Por Sika Ishizuka

Uma mulher admirável, inteligente e cheia de atitude. Sua presença e trabalho eram tão marcantes, que muitas vezes sua imagem chegou a ser ofuscada pelo marido. Mesmo sendo uma esposa dedicada e apaixonada, foi sistematicamente traída, humilhada e exposta pelo homem amado. Morreu jovem e triste, mas deixou um legado inigualável às futuras gerações.

Esta definição te lembrou a história de Frida Kahlo, mulher símbolo do feminismo na atualidade? Bom, embora as histórias possam ter algumas semelhanças, neste caso estamos falando da Maria Leopoldina da Áustria, a Imperatriz do Consorte do Império do Brasil (1822 e 1826).
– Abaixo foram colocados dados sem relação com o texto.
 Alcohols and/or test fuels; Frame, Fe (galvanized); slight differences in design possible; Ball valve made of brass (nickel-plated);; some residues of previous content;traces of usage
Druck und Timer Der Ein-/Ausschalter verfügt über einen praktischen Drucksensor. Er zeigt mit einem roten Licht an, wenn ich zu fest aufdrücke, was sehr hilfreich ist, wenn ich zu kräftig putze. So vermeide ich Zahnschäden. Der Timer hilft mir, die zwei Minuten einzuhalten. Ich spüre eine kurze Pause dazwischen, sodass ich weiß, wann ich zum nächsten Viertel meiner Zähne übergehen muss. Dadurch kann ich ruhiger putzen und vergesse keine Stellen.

Mais conhecida como “Maria Leopoldina”.

Nascida como Carolina Josefa Leopoldina de Habsburgo-Lorena, a princesa regente do Brasil teve uma vida marcada por muito sofrimento. Apesar de trazer benefícios diretos à evolução da ciência botânica no país, e principalmente ser um dos principais personagens dos avanços políticos à época, ela sofreu extensas humilhações e até agressões físicas por parte do marido, Dom Pedro I (o famoso macho bosta da relação).

Por isso, decidi reunir cinco motivos para que possamos pensar a ressignificação de Maria Leopoldina como um símbolo da representatividade feminista do nosso país. Apesar de fazer parte da família real (que, na minha opinião, não representa porra nenhuma de nada), há de se reconhecer os benefícios que esta mulher trouxe, que impactaram diretamente as futuras gerações.

Confira:

1 – Praticou a empatia feminina desde pequena

Ao meio, Maria Luisa e Leopoldina. Mais que amigas, friends.
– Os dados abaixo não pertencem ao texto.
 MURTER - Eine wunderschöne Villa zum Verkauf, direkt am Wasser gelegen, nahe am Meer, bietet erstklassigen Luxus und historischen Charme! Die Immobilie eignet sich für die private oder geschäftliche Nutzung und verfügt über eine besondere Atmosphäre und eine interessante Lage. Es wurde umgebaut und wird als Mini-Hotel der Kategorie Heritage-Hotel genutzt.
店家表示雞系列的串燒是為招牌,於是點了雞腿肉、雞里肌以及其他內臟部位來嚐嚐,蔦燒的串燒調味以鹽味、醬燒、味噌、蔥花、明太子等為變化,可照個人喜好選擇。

Aos 10 anos de idade, Leopoldina perdeu a mãe e logo ganhou uma madrasta, Maria Luísa. Embora a imagem da nova esposa do pai fosse alimentada negativamente pelos contos dos Irmãos Grimm, esta história em específico, teve uma enteada princesa feliz. O que já quebra com qualquer estereótipo de rivalidade neste sentido.

Em pouco tempo, as duas se aproximaram e se amaram. A madrasta foi uma das principais responsáveis pela educação da pequena Leopoldina. Foi através de estudos rigorosos diários que a futura Imperatriz do Brasil teve acesso a pesquisas multiculturais, tudo no intuito de ser preparada para ocupar o trono. A menina aprendeu a ter apreço pela literatura, música, ciências botânicas, entre outros. Além de ter aprendido seis idiomas diferentes.

E mesmo com uma infância turbulenta, devido às inúmeras guerras provocadas principalmente por Napoleão Bonaparte, a menina teve uma infância bastante proveitosa ao lado da madrasta e também da irmã. Esta que trocou diversas cartas ao longo da vida, as quais contava as impressões do ‘Novo Mundo’, as tratativas políticas e, principalmente, as angústias sofridas no casamento com Pedro de Alcântara.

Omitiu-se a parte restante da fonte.